I have, for instance, a cell phone in my pocket.  Like most of my electronics, it was manufactured largely in China.  Last week, in my message about persecution, I talked about what believers in China face, in terms of harassment and persecution.  Recently, the president of China gave a major speech in which he reaffirmed the Chinese Communist Party’s commitment to atheism and signaled that there are increasingly difficult times ahead for Chinese believers (http://time.com/4306179/china-religion-freedom-xi-jinping-muslim-christian-xinjiang-buddhist-tibet/).  There was also a tragic example recently of the manner in which the Chinese government continues to destroy churches.  A government-backed firm bulldozed a church, and when the pastor and his wife attempted to stop that action, the bulldozer operator ran over them, burying them under dirt.  The pastor was able to dig himself out of the dirt but could not save his wife, who suffocated to death (http://www.theblaze.com/stories/2016/04/19/wife-of-chinese-church-leader-reportedly-buried-alive-and-killed-after-protesting-churchs-demolition/).  The question then becomes, should I use a product, sold by an American company, but manufactured in China?  I am spending money on a product that helps to support a government that practices religious persecution and has a terrible record on human rights.  I am, as a friend reminds me of us all, complicit in things that I neither want to be, or should be, complicit in.

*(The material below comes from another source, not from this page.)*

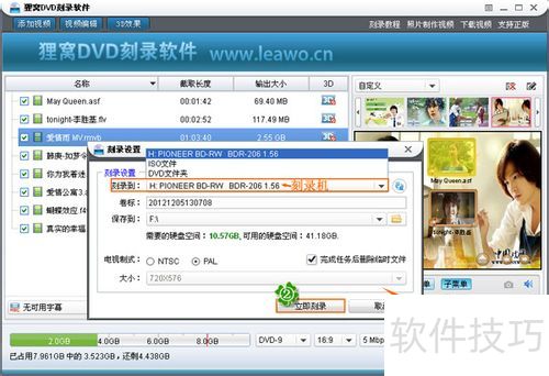 2、 ? ? 随后在弹出的刻录设置窗口中,选择为“刻录到”为刻录机,其它项可按个人需要来选择,大家可能不太懂的应该是卷标和电视制式吧。卷标也就是光盘名称,可忽略;电视制式,中国大陆的电视选择PAL,日本的电视等选NTSC。

Having said that, we live in a nation very different from China, thankfully, when it comes to human rights and the freedom of religion (but I still must consider how I spend my money, certainly when that money supports things with which I do not agree, such as the persecution of believers in other parts of the world).  So allow me to offer a basic summation of what I believe, and it is this question:  why would we want to do anything in the marketplace other than treat people with kindness and love, whether or not we agree with them about who they are, how they live, and what they believe?  To be kind and loving to another human being does not mean you have to violate your conscience and beliefs, even if a political or religious leader is trying to convince you that you are, in fact, violating your conscience and beliefs. 

To read the gospels is to find Jesus in conflict with religious leaders because of his associations with people; he associated with people that the religious leaders and the pious of the day believed he should shun.  I take one simple lesson from that and it is this – if we do not offend someone by our willingness to associate with others and to treat them with love and kindness we are missing an opportunity to associate ourselves with Jesus in one of the most fundamental ways in which he lived.  As people of faith, if we are going to have a voice in the marketplace, that is certainly what we ought to be speaking.